Table 1 Summary statistics of data analysed in this study
Fig. 1
figure 1

Genus level bacterial interactions for I1. The heat map describes the strength and direction (β i,j in Eq. 1) of highly significant interactions. Dependent variables are along the y axis and independent variables along the x axis, i.e. if you follow the column of given genus upward from the x axis until you reach a coloured cell, that cell indicates the effect of the given genus (dependent) on the genus indicated on the y axis (independent). The colour key on the right-hand side indicates the sign and magnitude of interactions that were significant at the 99 % confidence level. Cells representing non-significant relationships are black. Genus names are coloured according to phylum provenance: black Actinobacteria, red Bacteroidetes, green Firmicutes, blue Proteobacteria, light blue Tenericutes, and pink Verrucomicrobia. Note that according to the NCBI taxonomy database, the family Erysipelotrichaceae and the genus Holdemania are classified as Firmicutes. Here, and throughout, we have remained consistent with the Greengenes classification of these taxa as Tenericutes

Table 2 Summary of time series modelling results

In line with general expectations [15], there was a predominance of negative interactions (Figs. 1 and 2; Table 2; Additional file 1: Figures S1–S7 and S13–S15). I1 and I3 had more positive interactions relative to I2 and I4 (Table 2). We determined the prevalence of pairwise interactions of varying signs in order to assess the frequencies of apparent cooperation (+/+), competition (−/−), exploitation (+/−), commensalism (+/0), with zero being a non-significant interaction and amensalism (−/0). Although there was considerable variability between individuals, pairwise interactions were dominated by competitive and amensal relationships (Fig. 3, Additional file 1: Figure S11). We did not observe a single instance of exploitation in any of the individuals. Overall, biotic interactions were more negative among members of a phylum than between members of different phyla when intra-genus interactions were included in the analysis (p < 0.001 for I1–I4). When intra-genus interactions were excluded, the test remained significant for I1, I3 and I4 (p < 0.001) but was only marginally significant for I2 (p = 0.06).

Fig. 2
figure 2

Ranked genus level degree of connectedness in I1. The bar charts show the total number of significant negative and positive genus level interactions. Dependent (acted upon) interactions are shown in a while independent (acting on) interactions are in b. Genus names are coloured according to phylum provenance: black Actinobacteria, red Bacteroidetes, green Firmicutes, blue Proteobacteria, light blue Tenericutes and pink Verrucomicrobia

Fig. 3
figure 3

Prevalence of observed pairwise interaction categories. The categories are indicated on the x axis: cooperation (+/+), competition (−/−), commensalism (+/0, with zero being a non-significant interaction) and amensalism (−/0). The y axis indicates the number of significant interactions in the specified categories (Additional file 1: Figure S11) relative to the total number of pairwise interactions identified in an individual (i.e. the number of pairwise interactions in which at least one taxon in a given pair interacts with the other)
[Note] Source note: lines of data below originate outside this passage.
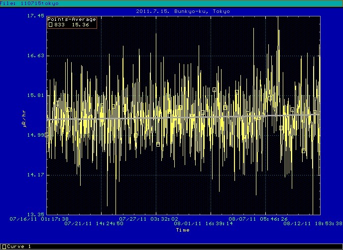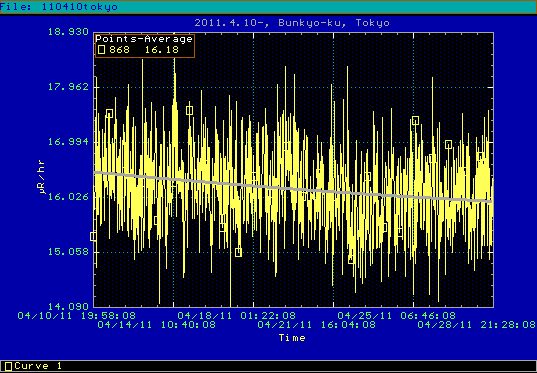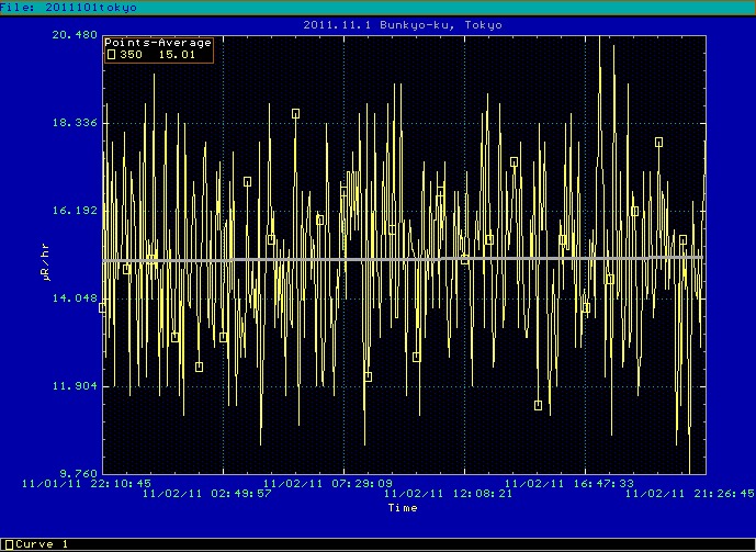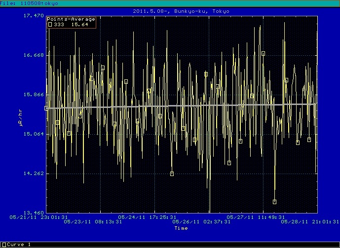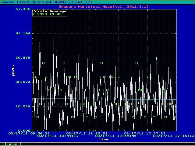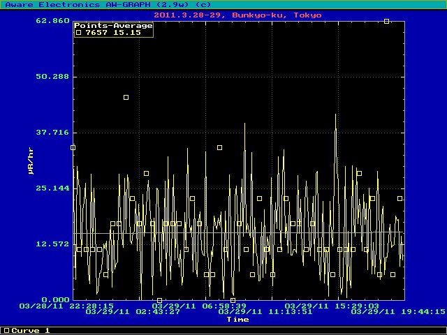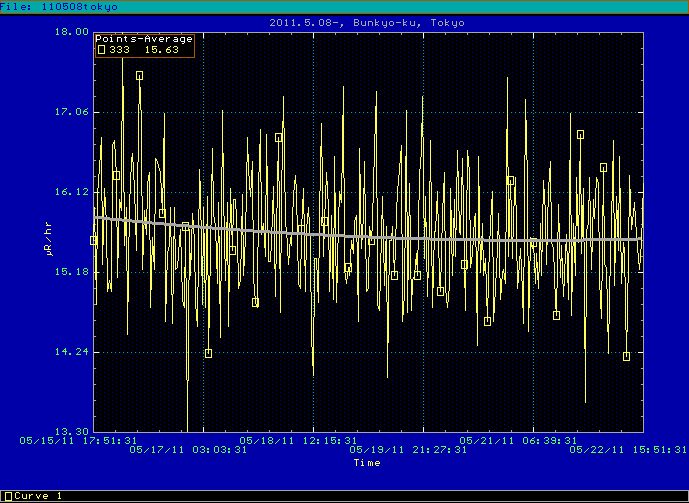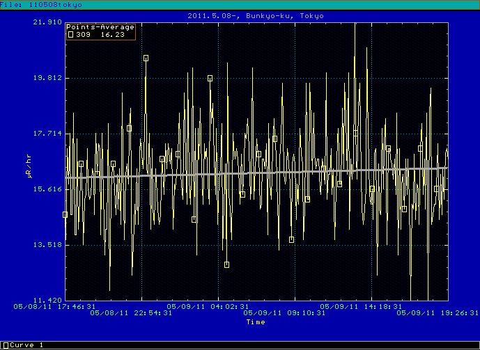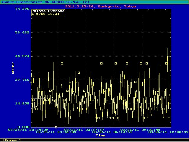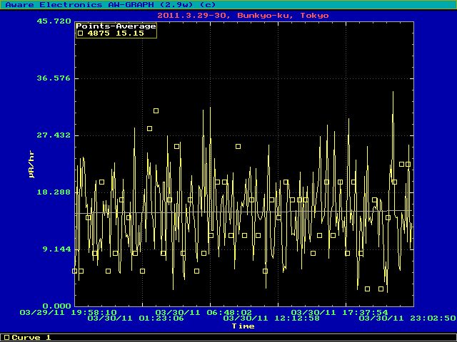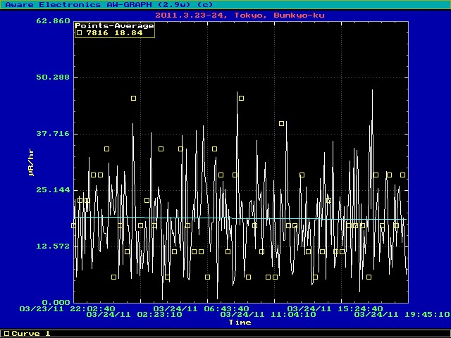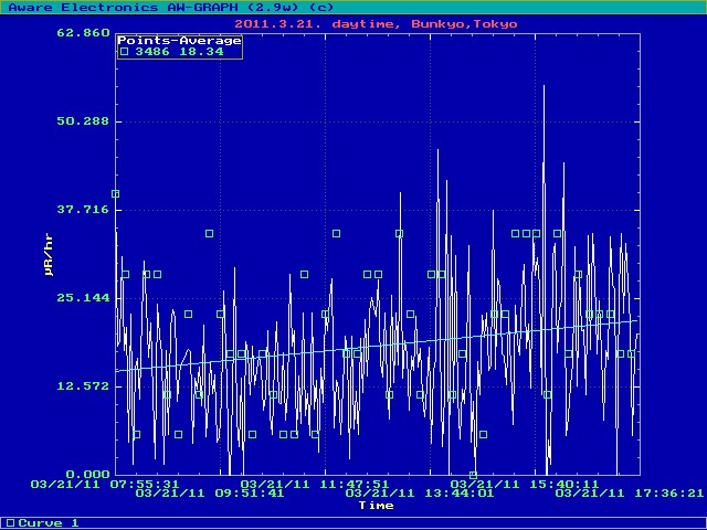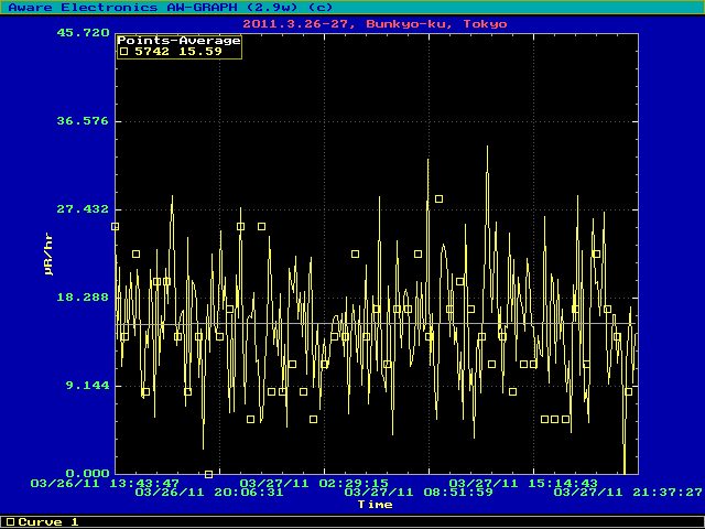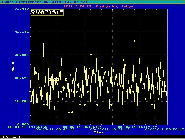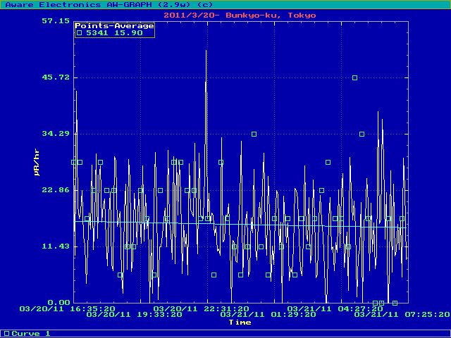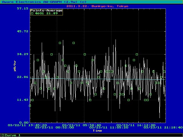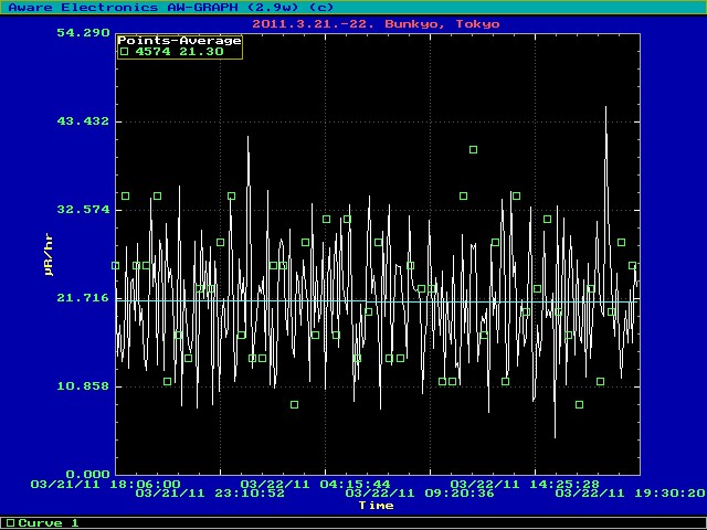 Summary graph of measument: 2011.3.20 overnight (15 hours) - Average 15.90µR/hr, already a bit increased but stationary Summary graph of measument: 2011.3.21 daytime (9 hours) - Average 18.34µR/hr, increasing in the rainy afternoon, with north-east wind (maximum 60-point-average value over 21µR/hr). Summary graph of measument: 2011.3.21-22 Night-to-night (24 hours) - Average 21.30µR/hr, closing at elevated-value, stationary, all-day rainy, with largely north-to-northeast wind. Summary graph of measument: 2011.3.22-23 Night-to-night (24 hours) - Average 21.89µR/hr, closing at elevated-value, stationary, all-day rainy, with largely north-to-northeast wind (maximum 60-point-average value over 23µR/hr). Summary graph of measument: 2011.3.23-24 Night-to-night (24 hours) - Average 18.84µR/hr, a bit decreased, all-day cloudy, with turbulant wind over Ibaraki Prefecture which is located between Fukushima and Tokyo Metropolitan Area.
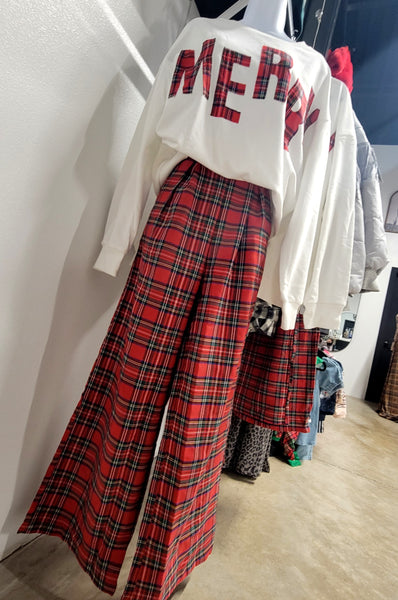 PLAID WIDE LEG PANT
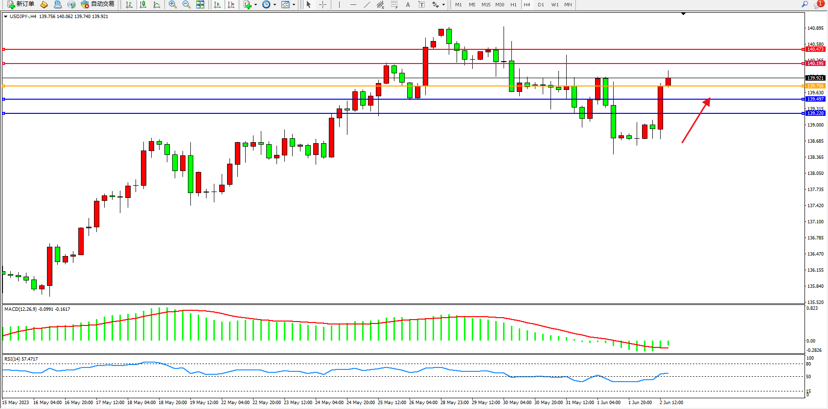 阻力位:140.195  140.473
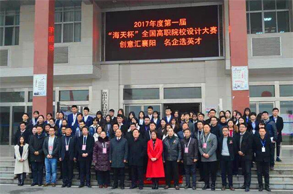 2017年12月14日下午14:00,由中国建筑装饰协会装饰装修委员会、CCSD中国营造空间设计师俱乐部、北京海天装饰集团、湖北海天时代教育投资有限公司、襄阳职业技术学院等联合主办的第一届"海天杯"全国职业院校设计大赛在襄阳职业技术学院图书馆二号报告厅隆重开幕。北京海天装饰集团副总裁余总、中国建筑装饰协会秘书长张仁先生、资深室内建筑师范箐春先生、襄阳职院李菲校长、荆州理工职业学院田远芬副校长、荆州理工职业学院校企合作办主任郭建农、荆州理工职业学院人文与艺术学院院长喻方琪、荆州理工职业学院美术教研室主任高旺、荆州理工职业学院海天装饰工程系主任李虹等出席本次开幕式。

Variability in ecological network connectedness

The biotic interactions described above were categorized as positive or negative (i.e. the βs in 1 were larger or smaller than zero) and whether they represent a taxa acting upon other taxa (independent variable, right hand term in Eq. 1) or taxa being acted upon (dependent variable, left hand term in Eq. 1). These categories are referred to as positive independent (PI), positive dependent (PD), negative independent (NI) and negative dependent (ND). The sum of all four categories thus represents the degree of connectedness of a taxon.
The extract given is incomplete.